Closed mehtasagar closed 3 years ago
@mehtasagar In general one shouldn't compute the inverse matrix $(I-Q)^{-1}$}. That is not efficient, since it would effectively compute (I-Q)^{-1}I. Since the final goal is to compute (I-Q)^{-1}R what you should do is compute this directly by computing the columns of this matrix. The i-th column of this matrix is the solution X_i of the system (I-Q)X_i = R_i, where R_i is the i-th column of R and X_i is a column vector. To solve these systems of equations, you better first factor I-Q in LU decomposition. This is, a product of a lower triangular matrix L and an upper triangular matrix. Then for each system LUX_i=R_i you only need to do back substitution with L and forward substitution for U. Search how to do LU decomposition and implement it for fractions, if some library doesn't have it already. In most places they will have it implemented for floating point (https://en.wikipedia.org/wiki/LU_decomposition#C_code_examples). Just replace the floating point types with your own rational number (pairs of integers) type.

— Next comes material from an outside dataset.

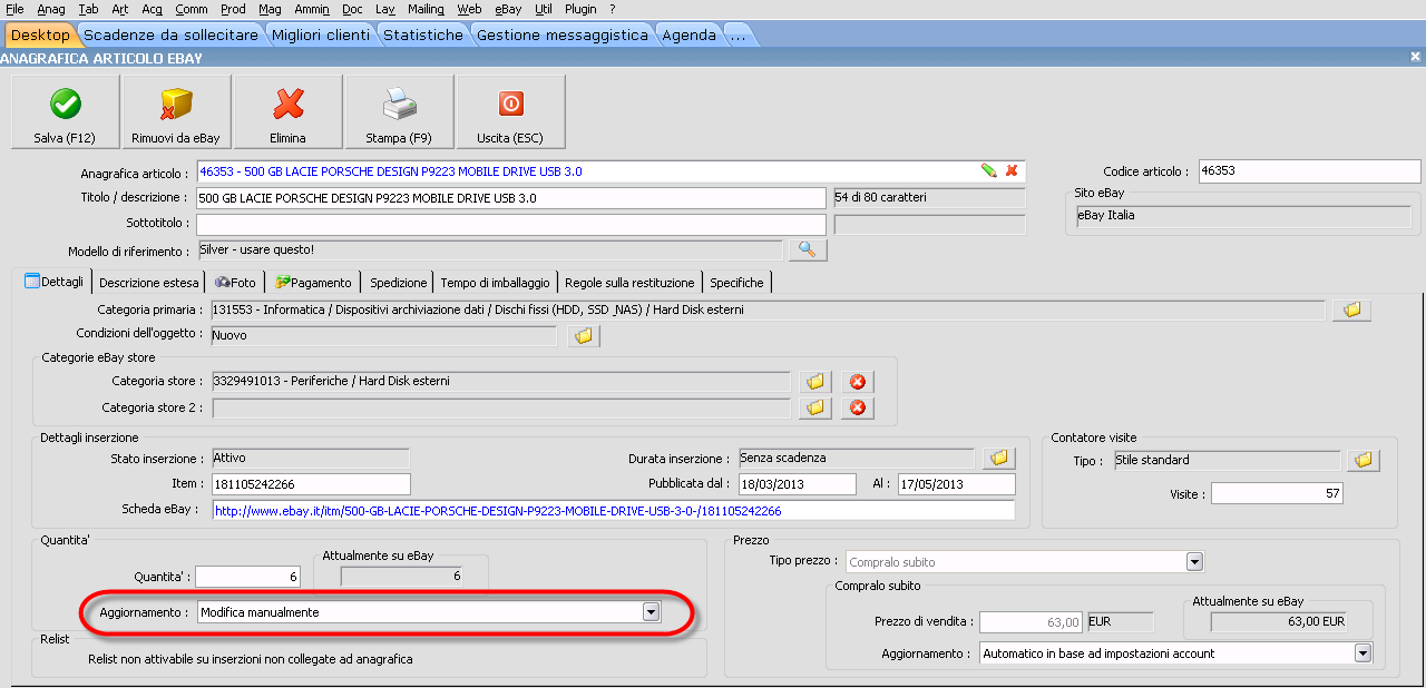 il tutto sta perchè uso tantissime inserzioni con stesso codice per piu' prodotti e non riesce mai a tenere a terra quello che ho in vendita, ma essendo articoli di cui facilmente mi riapprovvigiono, non mi interessa se dovessi venderli anche non tenendoli a terra in una giornata. Insomma su questi articoli io ho bisogno che L'INSERZIONE NON MI SI CHIUDA PER CREARE LA CRONOLOGIA DELLE VENDITE SU EBAY".

@mehtasagar I did a Python implementation here, with plenty of comments. The LU and back/forth-substitution are the same as the Wikipedia page above, but written to use fractions instead of doubles.
I ma trying to follow the method given here. To calculate inverse of the matrix, what approach should I follow to maintain the output in Fractions of integers as given in post. Let me know if you need more details?